I've got a weird issue with one of my test servers. It has happened twice now, originally, I thought it was related to my UPS battery going bad (and it probably was then), but last night, completely unplugged from the UPS (as I haven't ordered a new battery yet), by test server went down around 1:00 AM.
So far, I have no idea why. I've checked the syslog and the kern.log (along with apache logs), but nothing is indicating a direct failure that would cause a system halt.
I've just installed munin and munin-node to create system graphs (described here), what else should I be checking? The CPU and MB temperatures look good on reboot, and I've never seen them get high temps even under major load.
it's usually overheating as per my experience. I had similar issues few years back on a Tower Server, changing the Thermal Compound solved the issue for me.
Alright, I'll have to give that a try. I'm hoping munin will point me in that direction, as it keeps a nice graph of the hd and mb temps so hopefully the next time it occurs I can verify the heat was excessive.
If it turns out not to be heat related might be worth doing a memory integrity test as well.
For incase the heat is degrading the memory? Or...
The heat isn't likely degrading memory, if it is memory then it is a bad stick of RAM. Did you add extra hard-drives or any other power sucking equipment to this machine?
Nope, quite the opposite actually, I removed several as I moved the data to a NAS that is mounted via smbfs
smbfs could be your problem actually -- smb implementations are uneven, especially when talking about cheapo NAS boxes. I'd prefer iSCSI or at least NFS.
Unfortunately, the NAS I am using doesn't properly support NFS without a LOT of tinkering (bootstraping it, installing it, etc). I'm not properly motivated to go through that process just yet, and I have other linux machines that are not having a reboot issue that have the same SMBFS mount.
If it is not a power issue then one other thing to check is to look at the capacitors on the mother board. If they are not flat and are bulging then it could also be a capacitor issue. I've seen this on a number of older servers/workstations.
Something I'll keep in mind. The MB is probably 7 years old. It does get a lot of load every day between specific hours (load tests and major processing is done to produce static data -- enough to where all 4 cores are 90-98% for several hours). Now I rarely reboot this machine, it usually runs for months until a patch requires a reboot, or power goes out (since my UPS is still without a battery), or something, so it is very obvious when it goes down.
It has only gone down twice in the past 6-8 months on its own. I've restarted it maybe once during that time frame.
A board capacitor issue will happen far more frequently then twice in months, it will blue-screen server fault a machine in a 1/2 day of work - even less time. This doesn't sound like the issue.

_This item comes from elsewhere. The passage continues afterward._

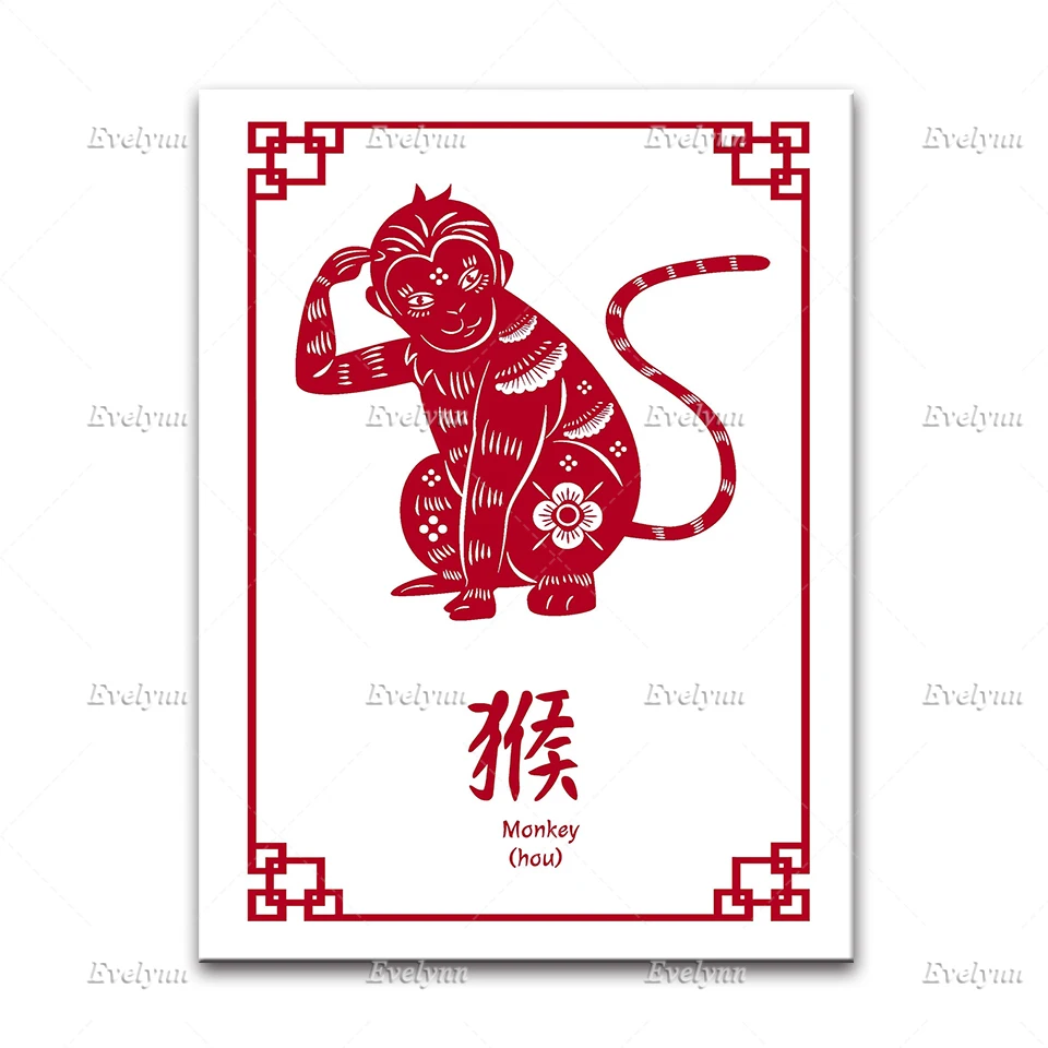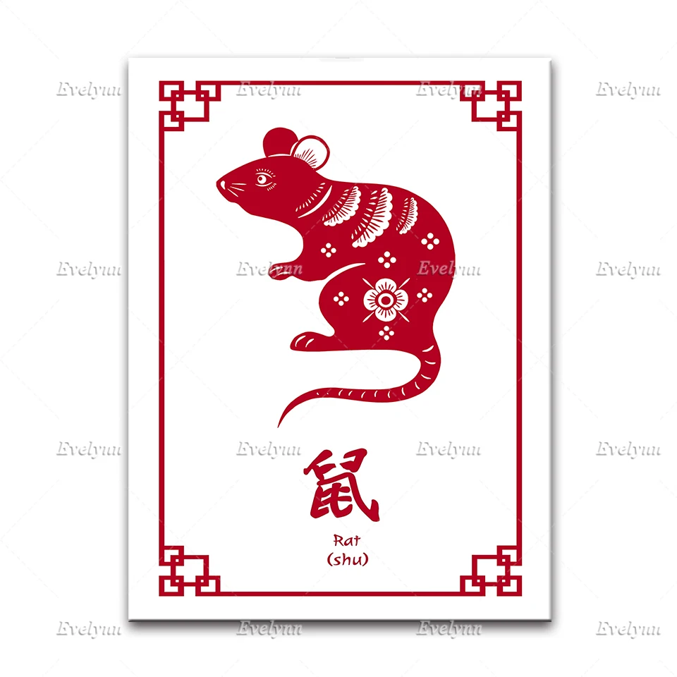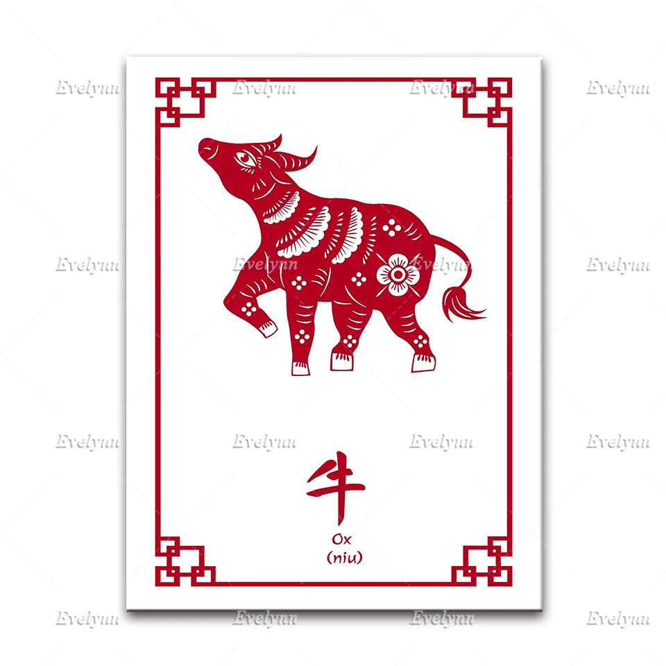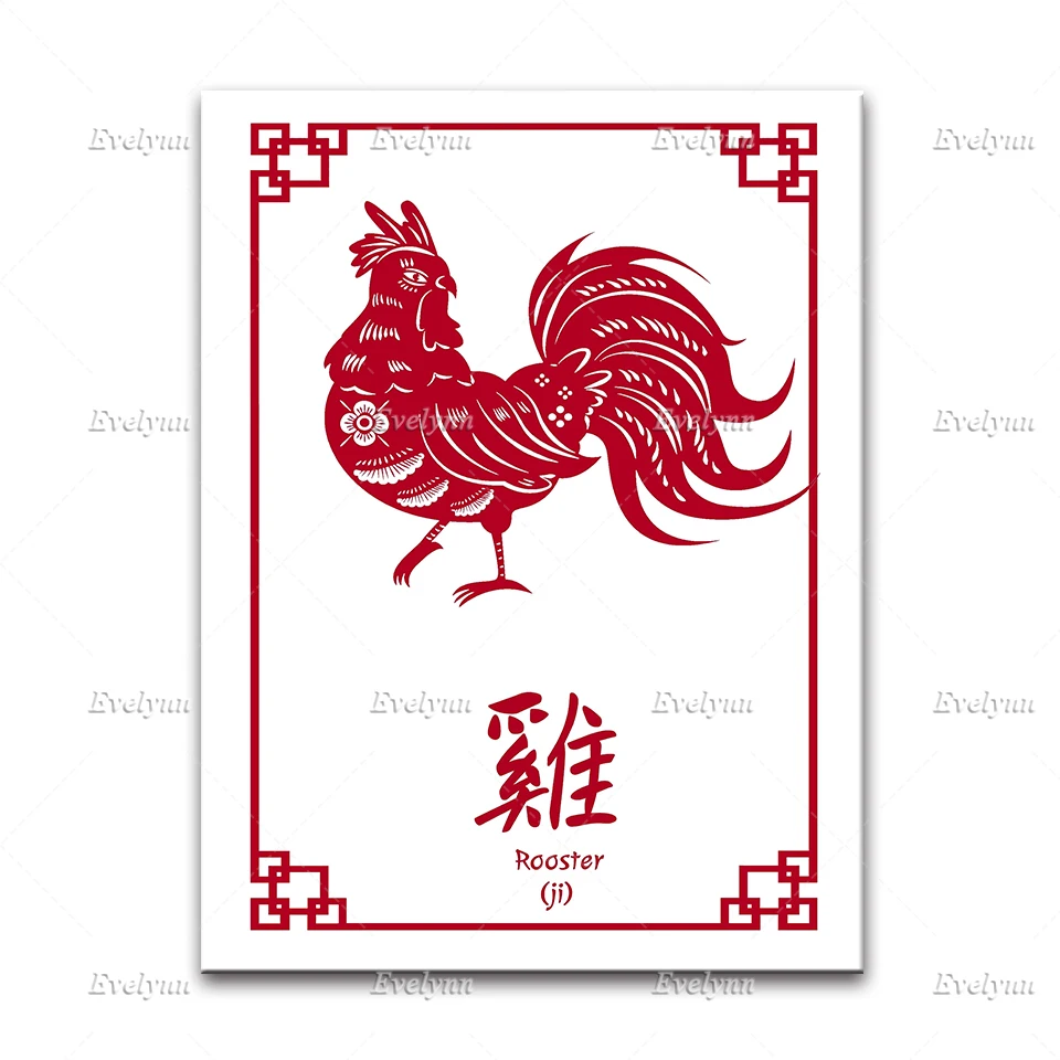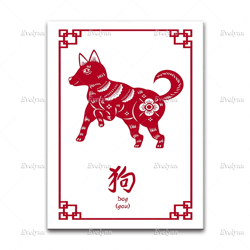 Постеры с китайскими знаками Зодиака, восточные искусства, дракон, член, свинья, змея, овечка, крыса, тигр, лошадь, бык, собака, настенное искусство, холст, домашний декор

If it was then at that point you need to replace the motherboard.
Have you looked at any of the persistent services on the machine to see if they are issuing routines at intervals that coincide with the crashes. Anything in the logs?
It still smells like a hardware problem so have your run any hardware diagnostics yet to see if anything come up?
Nothing in the logs are indicative of the problem yet (including apache logs, the logs of the services being executed that utilize a lot of load, etc). I gave up looking at the logs because all of them had no problems around the time that I suspected that the server halted (other than that was their last entry before it halted and the next entry was the startup).
Hardware, seems to be good. There is only 1 primary hard drive that the operating system boots off of (was replaced earlier this year; February, I think; because the prior one was failing), then it mounts a couple of USB drives for backup purposes, and a SMBFS network share from a NAS (for both backup purposes and for reading of a few specific files).
Memory looks to be good, I usually have screen with at least one session running htop so I can quickly check vitals and memory usage. SWAP memory is always low, network is always available, doesn't run a GUI so no video to deal with, CPU and MB temps are always decent when I look (hoping munin will show otherwise the next time it occurs though!), no funny noises (so nothing sounds like it is failing or being over worked).
I'm not 100% sure SMBFS would be the culprit, because that was just a recent conversion, so the prior failure a few months ago, would have had nothing to do with that.
I do know one of the USB drives unmounts or goes unresponsive fairly regularly (I need to replace it, but just haven't had the time), so I have an automated script that runs every hour to see if it is unresponsive and if it is, to remount it. Originally, I thought that was the issue several months ago, but removing the script from cron didn't resolve the issue, it happened again within days (I believe this was a hardware issue and I replaced a few drives), but hasn't happened again until last week.
I'm just at a lost, because 1) it happens on rare occasions, and 2) none of the logs are indicative as to why it happened, if the command was harshly issued, etc.
Granted, this could have been a power surge (small enough to kill my server, and not affect any other appliances), but I have several servers located against this wall, all without UPS right now, and only this one went down... albeit, not impossible, but seems improbable to be the cause.
I might never know what exactly happened, was just looking for other indicators everyone else may consider that I may have overlooked and that I am getting plenty of suggestions on Thanks everyone for that. Hat Trick to @PromptSpace ; for the suggestion on over-heating, that got me to find munin (awesome utility!)
Glad to help
This topic is now closed. New replies are no longer allowed.